*WHAT THE TASK ASKS*. Would you write out each line of the material below exactly, skipping every picture?

*SUPPLIED DATA*.
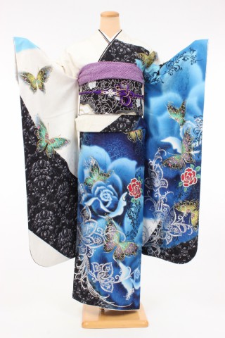 104-M-kaw0024 振袖レンタル Mサイズ 白地に青/夢薔薇に蝶 お客様:S.K様 ..
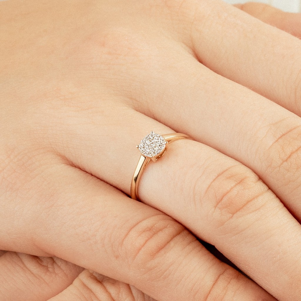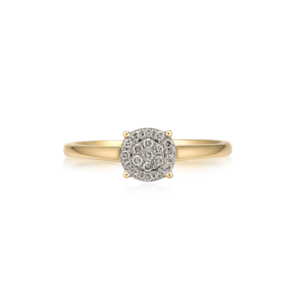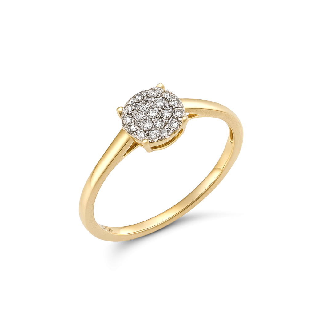 Keltainen kultasormus timanteilla
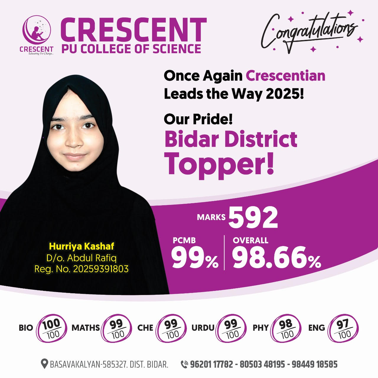 حوریہ کشف نے98.66%نشانات حاصل کئے، اردو میں 99نمبرات بیدر۔ 10؍اپریل (محمدیوسف رحیم بیدری): بسواکلیان کے کریسنٹ پی یو کالج آف سائنس کی ہونہار طالبہ حوریہ کشف نے پی یوسی سال…
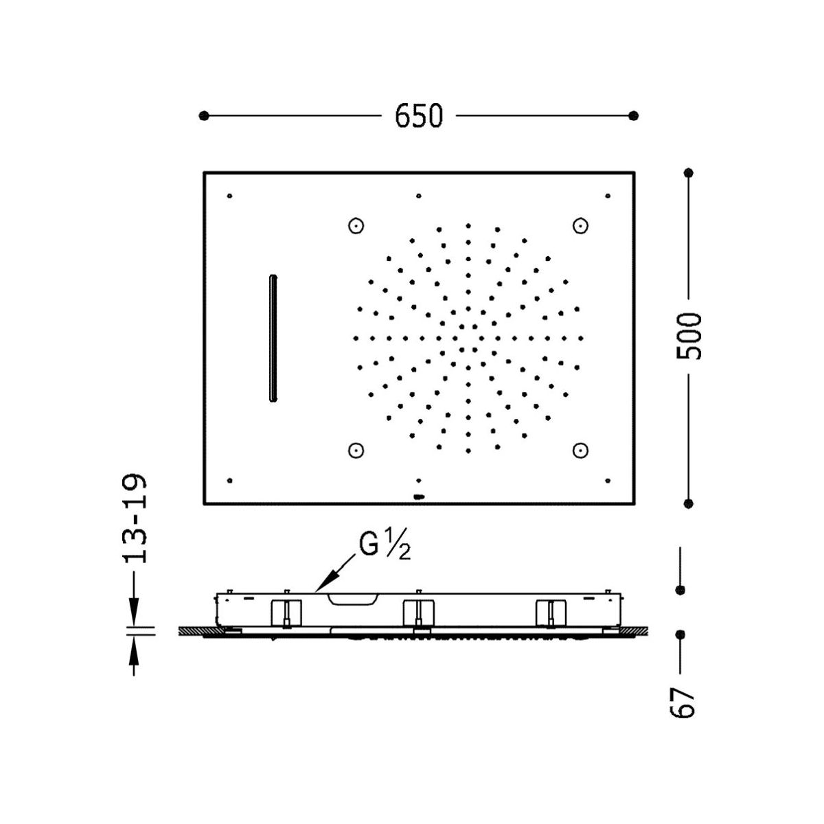 Tres Exclusive Kopfbrause 65x50 cm rechteckig chrom 299.971.01

*TASK SOLUTION*.
 104-M-kaw0024 振袖レンタル Mサイズ 白地に青/夢薔薇に蝶 お客様:S.K様 ..
 Keltainen kultasormus timanteilla
 حوریہ کشف نے98.66%نشانات حاصل کئے، اردو میں 99نمبرات بیدر۔ 10؍اپریل (محمدیوسف رحیم بیدری): بسواکلیان کے کریسنٹ پی یو کالج آف سائنس کی ہونہار طالبہ حوریہ کشف نے پی یوسی سال…
 Tres Exclusive Kopfbrause 65x50 cm rechteckig chrom 299.971.01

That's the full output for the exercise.